FIG. 3 illustrates a flowchart of substeps for generic entity resolution step of the method of FIG. 2. FIG.4 illustrates an exemplary semantic graph of possible candidates for an acronym based on the method of FIG. 2.

FIG.5 illustrates a first exemplary semantic graph for a candidate retrieved from a Linked Data Source (50) of the system (100) of FIG. 1.

FIG.6 illustrates a second exemplary semantic graph for a candidate retrieved from a Linked Data Source (50) of the system (100) of FIG. 1.

FIG.7 illustrates an exemplary semantic graph for a noun phrase.

FIG. 8 illustrates a flowchart of substeps for spatial and temporal entity resolution step of the method of FIG. 2.

FIG. 9 illustrates an exemplary semantic graph for an animate noun phrase.

FIG. 10 illustrates an exemplary semantic graph for an inanimate noun phrase retrieved from a Linked Data Source (50) of the system (100) of FIG. 1.

FIGS. 11 (a-b) illustrate exemplary semantic graphs of spatial information of the inanimate noun phrase of FIG. 10. FIG. 12 illustrates a flowchart of substeps for semantic entity resolution step of the method of FIG. 2.

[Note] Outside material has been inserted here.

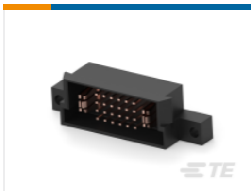
TE Part #1-6600383-9 MBXL VERT HDR 1P+24S+1P STR

DESCRIPTION OF THE PREFFERED EMBODIMENT

A preferred embodiment of the present invention will be described herein below with reference to the accompanying drawings. In the following description, well known functions or constructions are not described in detail since they would obscure the description with unnecessary detail. FIG.1 shows a system for entity resolution (100) according to an embodiment of the present invention. The system (100) resolves an entity in a sentence by utilizing a generic resolution, a spatial and temporal resolution, and semantic resolution. The system (100) comprises of a syntax analysis module (10); a main verb identification module (20); an acronym and noun phrase identification module (30); an entity resolver module (40); a Linked Data Source (50); a Linguistic Resource module (60); and a Linguistic Structure and Prototype Repository (70).

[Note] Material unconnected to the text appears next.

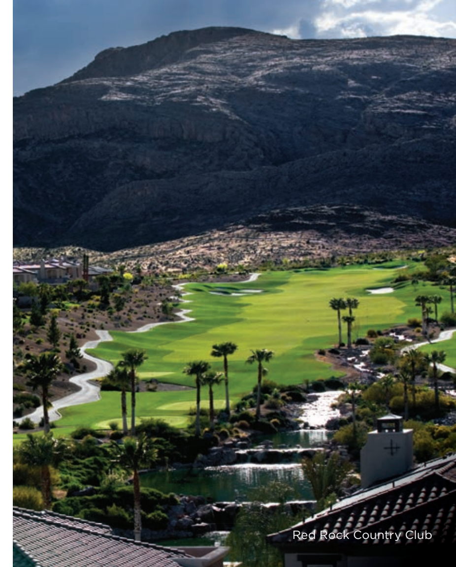
Red Rock Country Club

The syntax analysis module (10) is connected to the main verb identification module (20). The syntax analysis module (10) is configured to transform a sentence input into a syntax structure, which is used as an input to the main verb identification module (20).

The main verb identification module (20) is connected between the syntax analysis module (10) and the acronym and noun phrase identification module (30). The main verb identification module (20) is used to identify the main verb of the syntax structure from the syntax analysis module (10). The main verb identification module (20) outputs the identified main verb to the acronym and noun phrase identification module (30). The acronym and noun phrase identification module (30) is connected to the main verb identification module (20) and the entity resolver module (40). The acronym and noun phrase identification module (30) is configured to identify both acronyms and noun phrases from the syntax structure in order to produce the acronym and noun phrase list. The entity resolver module (40) is connected to the acronym and noun phrase identification module (30), the Linked Data Source (50), the Linguistic Resource module (60) and the Linguistic Structure and Prototype Repository (70). The entity resolver module (40) is configured to perform entity resolution of the acronym and noun phrase list based on a generic entity resolution, a spatial and temporal entity resolution, and semantic resolution. The entity resolver module (40) includes a generic resolution module (41), a spatial and temporal resolution module (42), and a semantic resolution module (43). The generic resolution module (41 ) performs the generic entity resolution on each acronym and each noun phrase in the acronym and noun phrase list by utilizing the Linked Data Source (50), wherein the Linked Data Source (50) comprises of data that contains real-world information which interlink with one another. The spatial and temporal resolution module (42) performs the spatial and temporal entity resolution by extracting the spatial and temporal information from an animate and an inanimate noun phrase of the acronym and noun phrase list from the Linguistic Resource module (60), wherein the Linguistic Resource module (60) comprises of different types of linguistics such as syntax, semantics and morphology The semantic resolution module (43) performs the semantic entity resolution by comparing semantic structures to a linguistic structure and prototype retrieved from the Linguistic Structure and Prototype Repository (70), wherein the Linguistic Structure and Prototype Repository (70) comprises of different kinds of language structures and prototypes that are used to categorize entities.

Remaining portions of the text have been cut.